Prognostic modelling: what is it and how can it be used?
Within the RDS, different members of team have varying expertise and interests. Mine is largely in observational research, and prognostic modelling, and this is generally what I advise on. Recently, I gave some staff training on this topic within the East Midlands and the below is a transcribed version of that session.
What is prognosis?
Prognostic modelling aims to estimate the risk of a future outcome in an individual. The outcomes are generally very specific. Examples include: mortality; disease progression and disease recurrence. Different factors (variables) which help predict the risk of this event occurring are used. This is known as multivariable analysis. There are two kinds of studies: development and validation. Here I will focus on development, but the validation studies are as important, if not more so. So, what we are doing is taking factors about the patient (e.g. age, weight, smoking status) and using it to predict an outcome (e.g. development of lung cancer).
Selecting factors that predict the outcome
The factors which are used need to be objective (easy to measure). These factors need to have data available at the time the prediction is made. For example, think of a situation where a GP might want to predict a patient’s risk of developing diabetes in the next 12 months. They have a fifteen minute consultation period where they will have very basic information available to them, for example: blood pressure, weight, height and ethnic group. These simple, objective factors are appropriate for the setting (GP practice) and are then used to predict the risk of diabetes.
Keeping in mind our example of a GP appointment brings us to the idea of statistical parsimony. This is basically the idea that everything should be as simple as it can be (for medical people this is very much like Occam’s Razor). Choosing which factors predict an outcome can be a statistical exercise, but (and bearing in mind I am a statistician!) it is probably far more sensible to consider this as a clinical question, which needs literature reviewing and discussion amongst colleagues. The key issue here is to have as few variables as you can, for statistical reasons and for simplicities sake.

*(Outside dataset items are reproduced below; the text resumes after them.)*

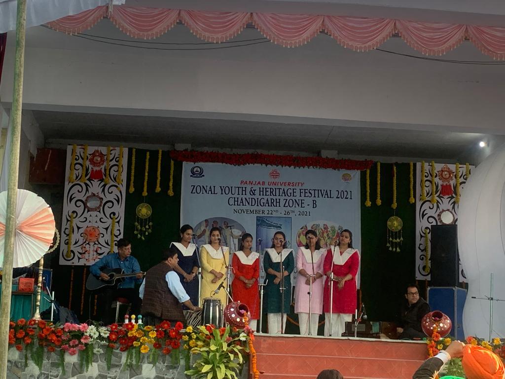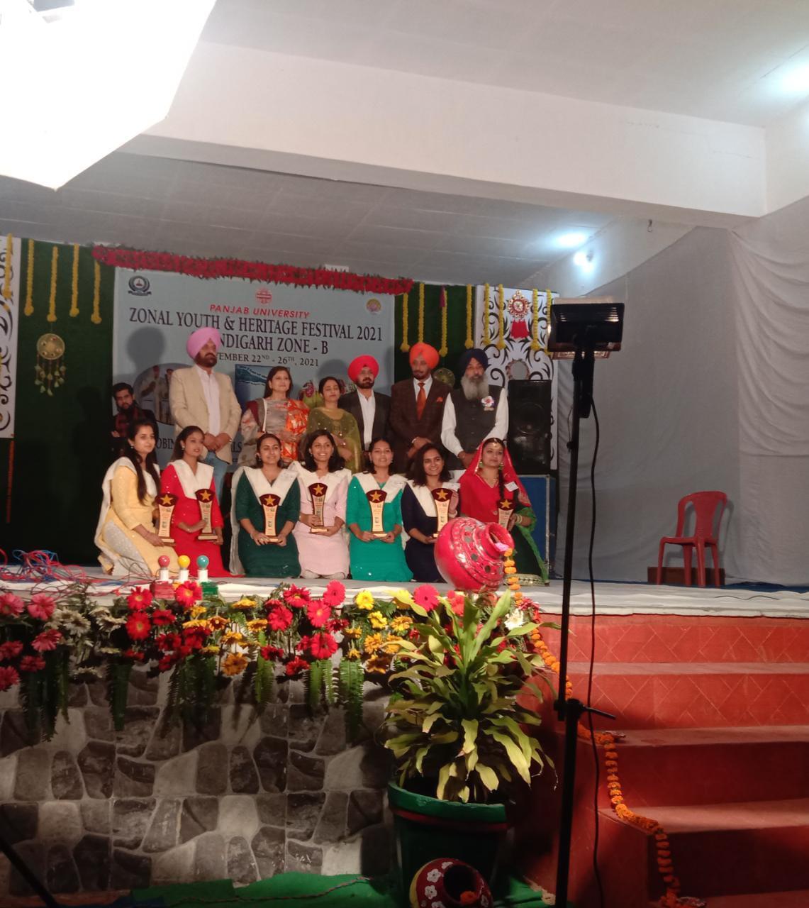 The students of Government Home Science College bagged many prizes in various competitions of Music and Heritage Items held on the first day of Panjab University Zonal Youth and Heritage Festival Zone-B held at Guru Gobind Singh Khalsa College for Women, Jhar Sahib on November 22, 2021. In Music items, the college secured first position in the Bhajan and third position in Group song category. The Bhajan & Group song team of the college comprised of Bhavika Anand and Meha from M.Sc (FN) Ist Semester, Archita and Sirounika respectively of B.Sc (H.Sc) 1st Semester, Arti of B.Sc (H.Sc) Vth Semester and Anju of B.Sc (H.Sc) IIIrd Semester. Arti of B.Sc.(H.Sc) Vth Semester also won Individual prize in group song team. Bhavika Anand of M.Sc (FN) Ist Semester won Second position in Geet Category. In the category of Heritage items, Kiran of M.Sc. Clothing & Textiles Ist Semester won First Prize in Raasa Vatna and Naina of B.Sc Fashion Designing Vth Semester won Second Prize in Khiddo Making.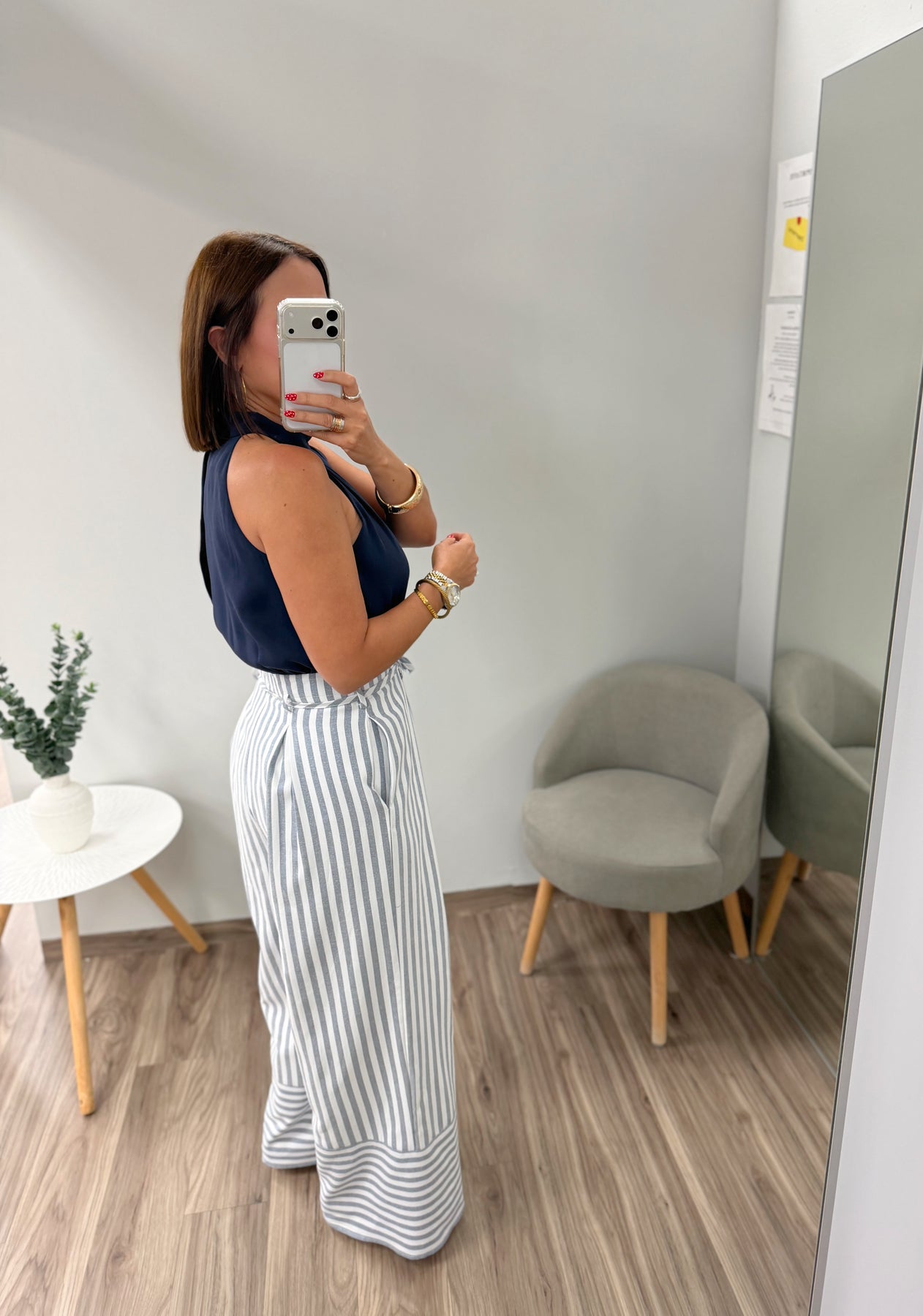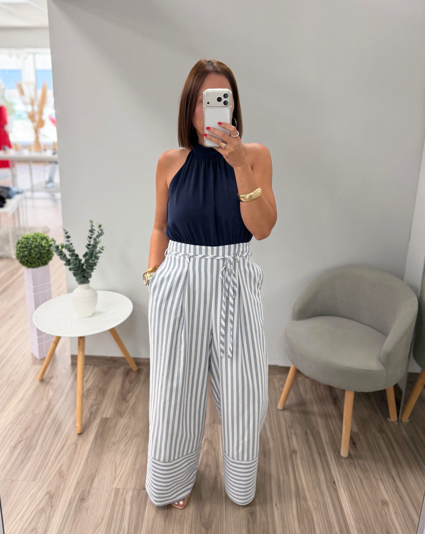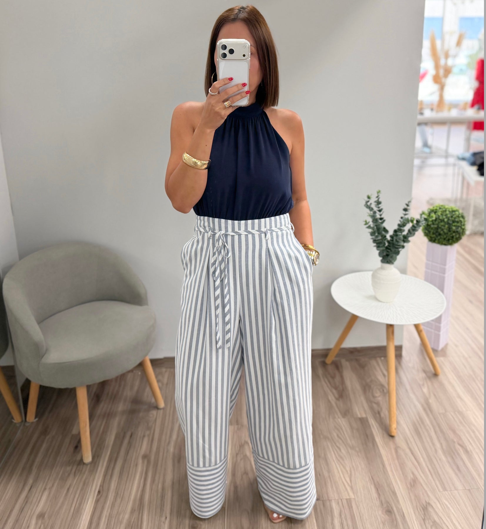 Navy Woven Solid And Striped Combo Sleeveless Jumpsuit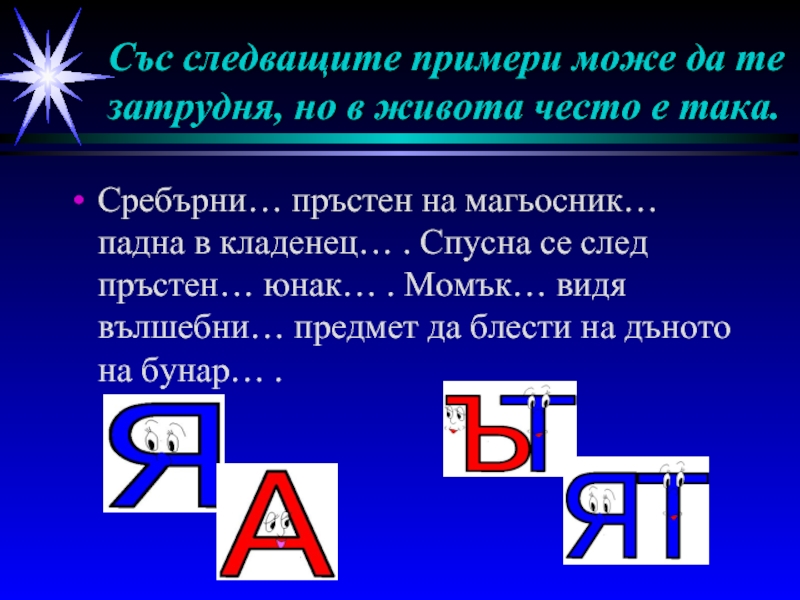 Сребърни… пръстен на магьосник… падна в кладенец… . Спусна се след пръстен… юнак… . Момък… видя вълшебни… предмет да блести на дъното на бунар… .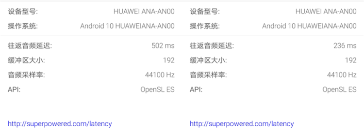 使用软件测试,分别测试手机内部系统往返延迟和手机内部系统到耳机的往返延迟,简单的计算,即可得到一款耳机的延迟数据。根据官方的宣传,华为FreeBuds 3的延迟不高于190ms,实际测试也确实如此,在使用OpenSL ES音频接口的前提下,最大延迟为133ms,足矣保证不影响日常游戏和语音。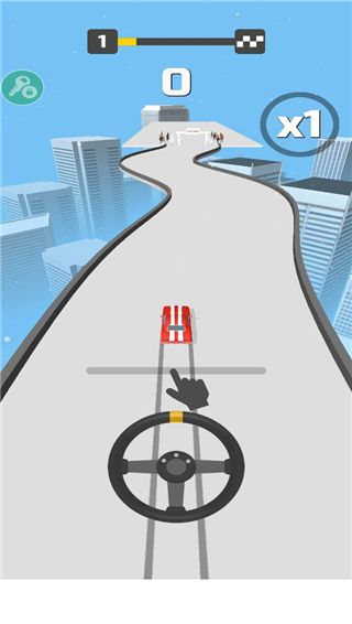2、正式开始之后,赛车会自动启动,而你需要做的就是控制赛车的方向,通过自由滑动屏幕来控制方向盘改变方向
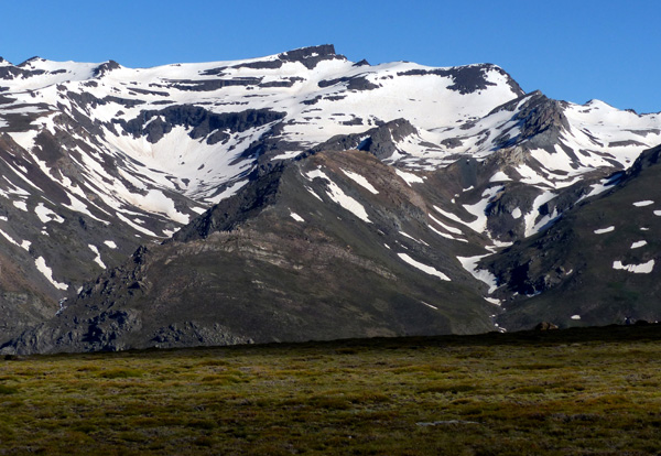 | Pic Veleta (3396 m), facilement identifiable par sa forme trapézoïdale |
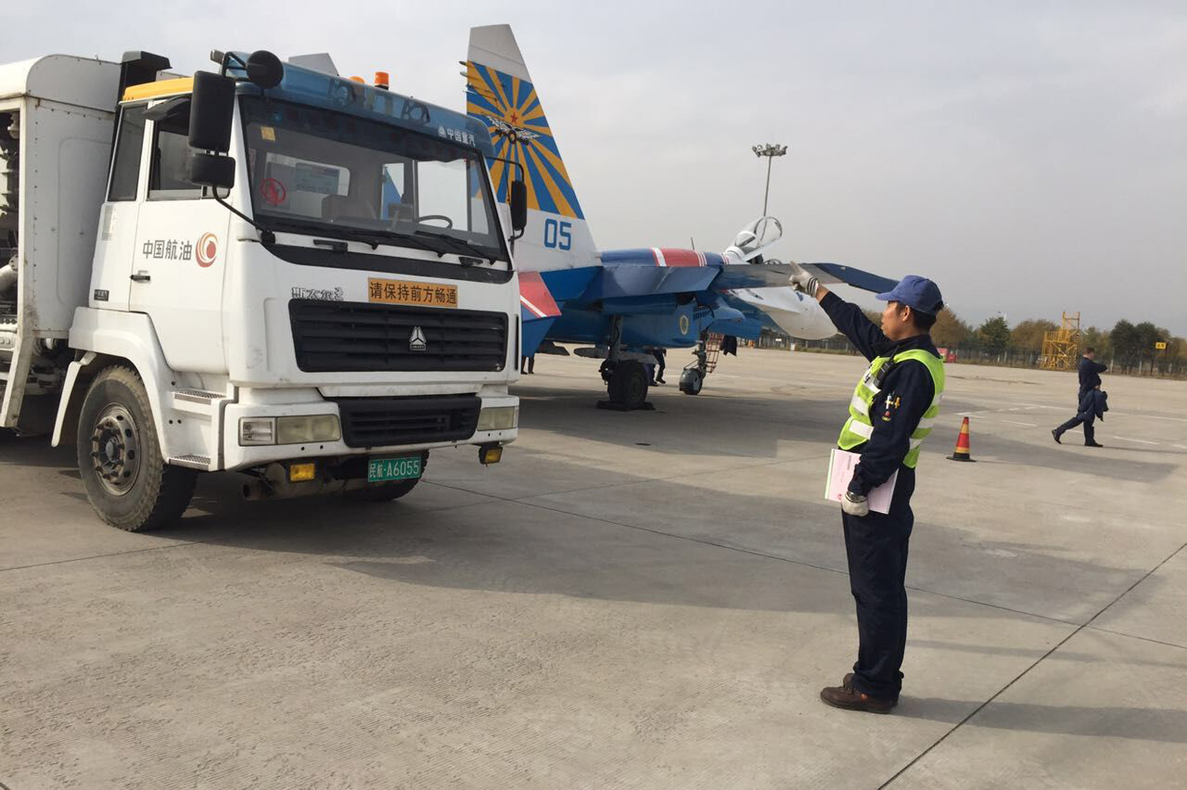 10月25日12时左右,参加珠海航展的俄罗斯“勇士”飞行表演队降落在呼和浩特白塔国际机场进行转场飞行。中国航油内蒙古分公司呼和浩特航空加油站(以下简称“呼和浩特航空加油站”)高度重视、严阵以待,按照“全、细、实、严、好”的工作标准圆满完成了飞行表演队供油保障任务,充分展现了“召之即来、来之能战、战之必胜”的草原“航油铁军”优良精神风貌。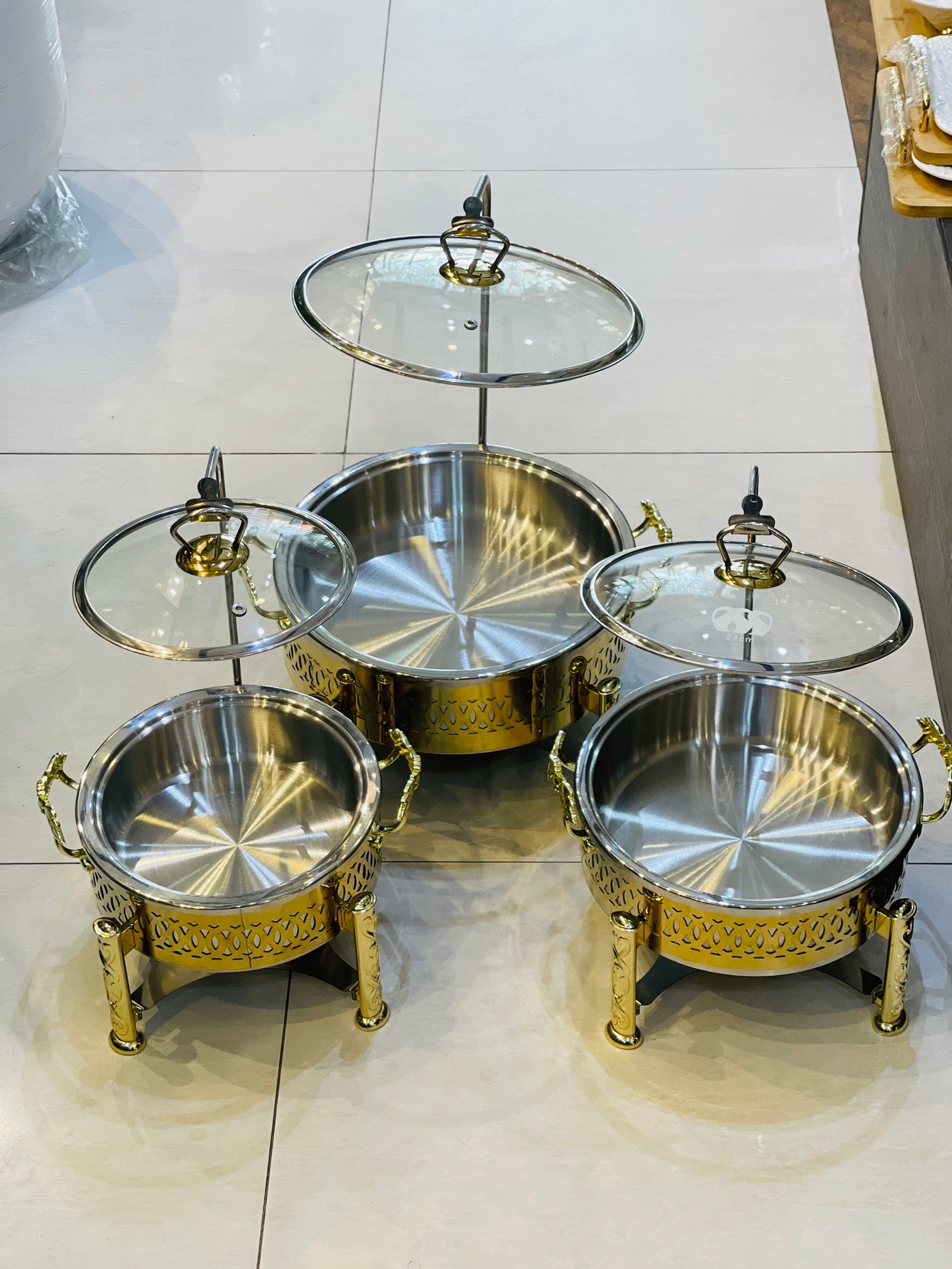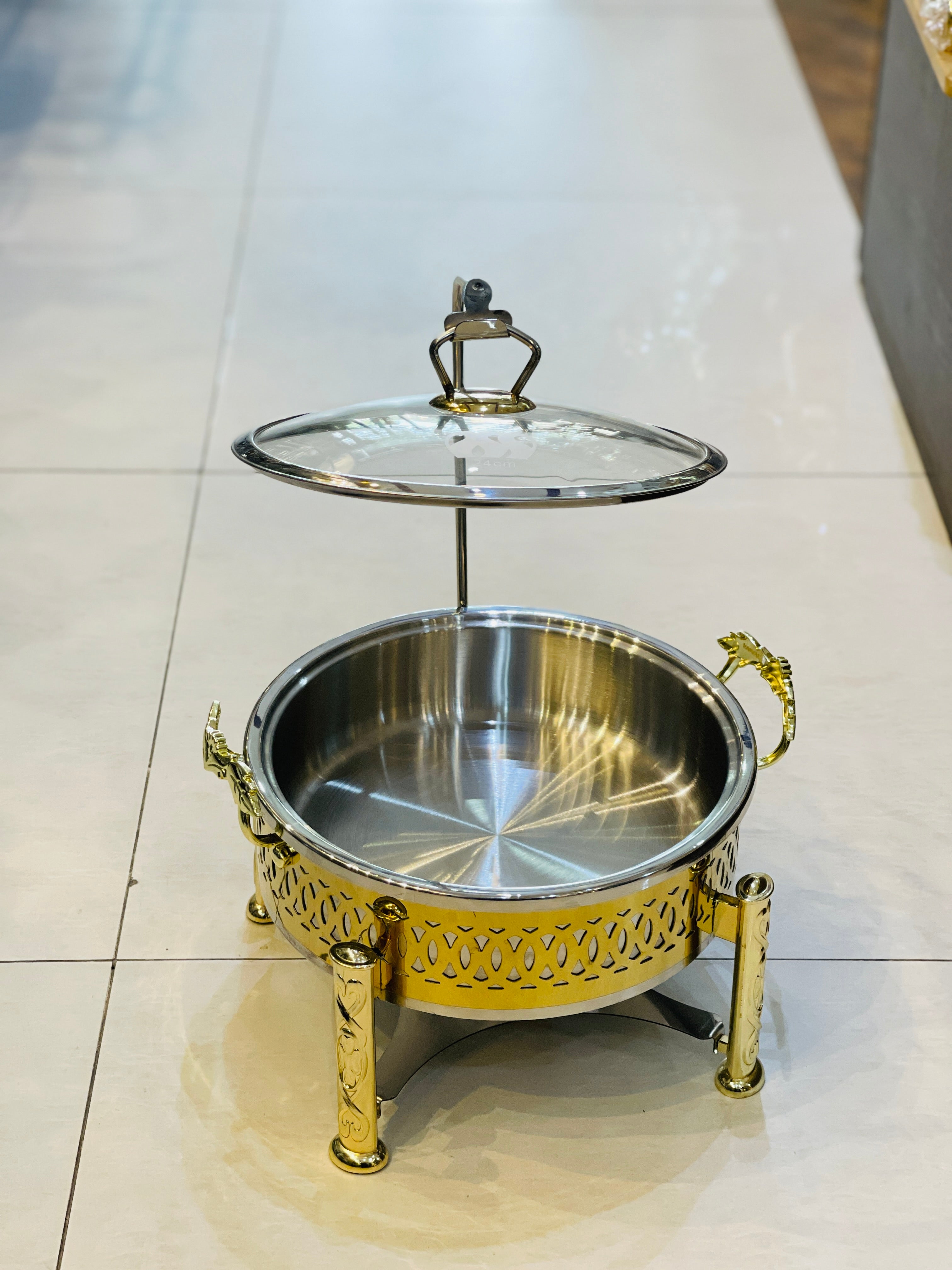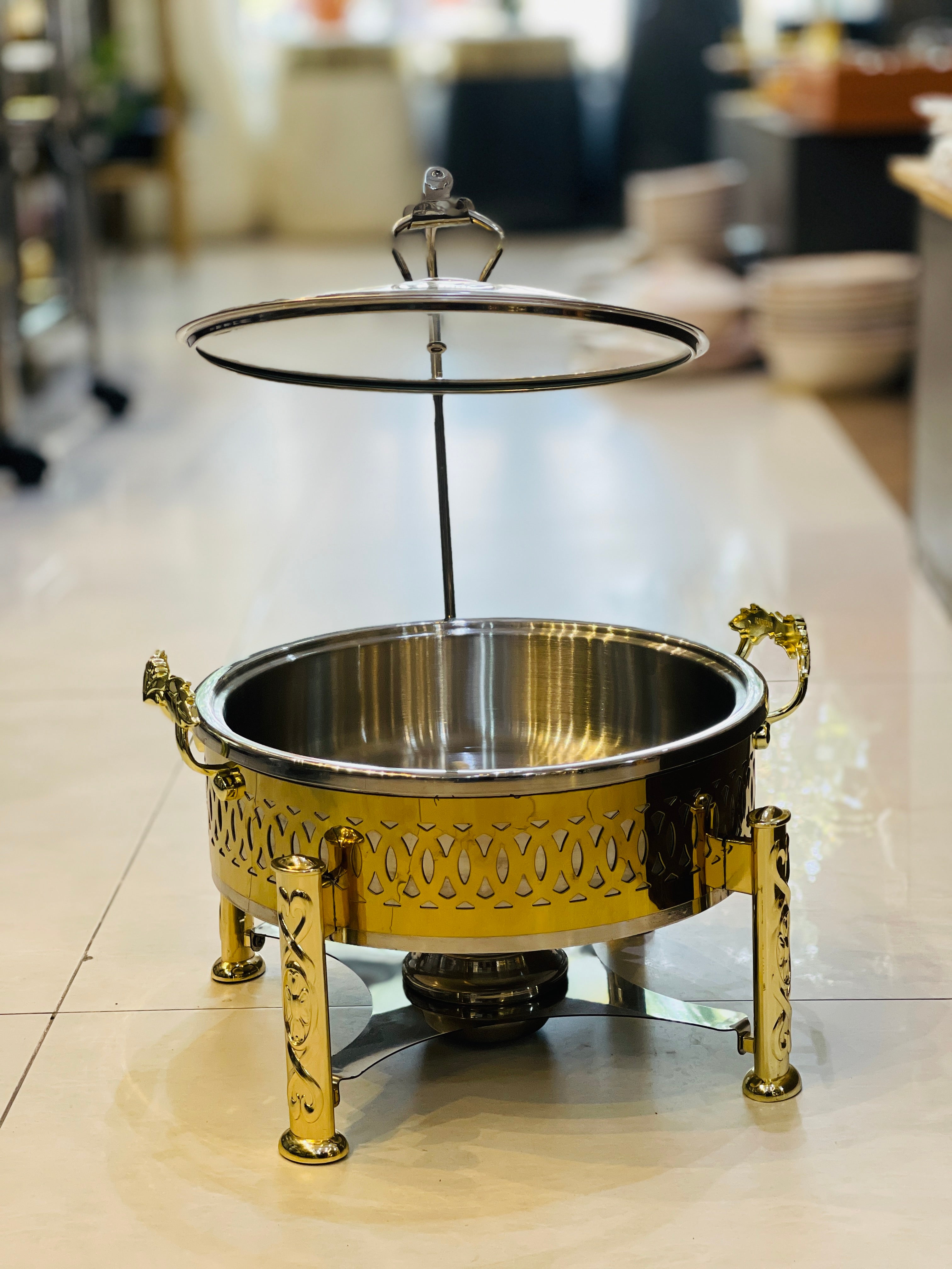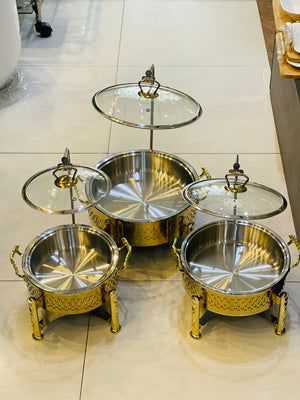 Crafted from durable stainless steel, these buffet dishes are coated in a golden electrolyte for a touch of elegance. Perfect for hosting events or catering, these dishes offer both style and functionality.

Statistical analysis and sample size calculations
This is not the time or place to discuss the methods behind this, but I will recommend a few excellent articles and books for anyone interested in further reading. Suffice to say, the work is not always trivial, and definitely needs a statistician. Sample size calculations for these types of studies are perhaps a little “unorthodox” and won’t be what you are used to, so make sure the statistician involved has done one before, or has read about them.
Presentation of results
The main issue of risk scores is presentation and ease of their use. There are some very good examples of risk score presentation and use. For example, take a look at the CRASH-2 “calculator” for predicting mortality after head injury. Although not beautiful, it is very simple to get a result out.
However, this remains a difficult area, and important consideration needs to be given to the fact that the model needs to be possible to easily implement. I think, possibly, there is great i-phone app potential here, if a sensible model is developed.
It is very hard to get funding for prognostic studies, and they are often “bolt ons” to other studies. In my opinion there is a good reason for this. It is not enough to tell a patient they are “at risk” of a disease. Something has to change in light of this new found risk. If nothing changes, then it was perhaps unethical to identify the patient when nothing could be offered, and a feeling of “so what?” is left behind. This, I think, is particularly true of the NIHR funders. So, as you write that application, or develop that model, think to yourself: what is going to change with this knowledge?
This is a whistle stop article, and much more detail is needed for anyone wanting to do one of these studies. A good starting point is:
Steyerberg, E. Clinical prediction models: a practical approach to development, validation and updating.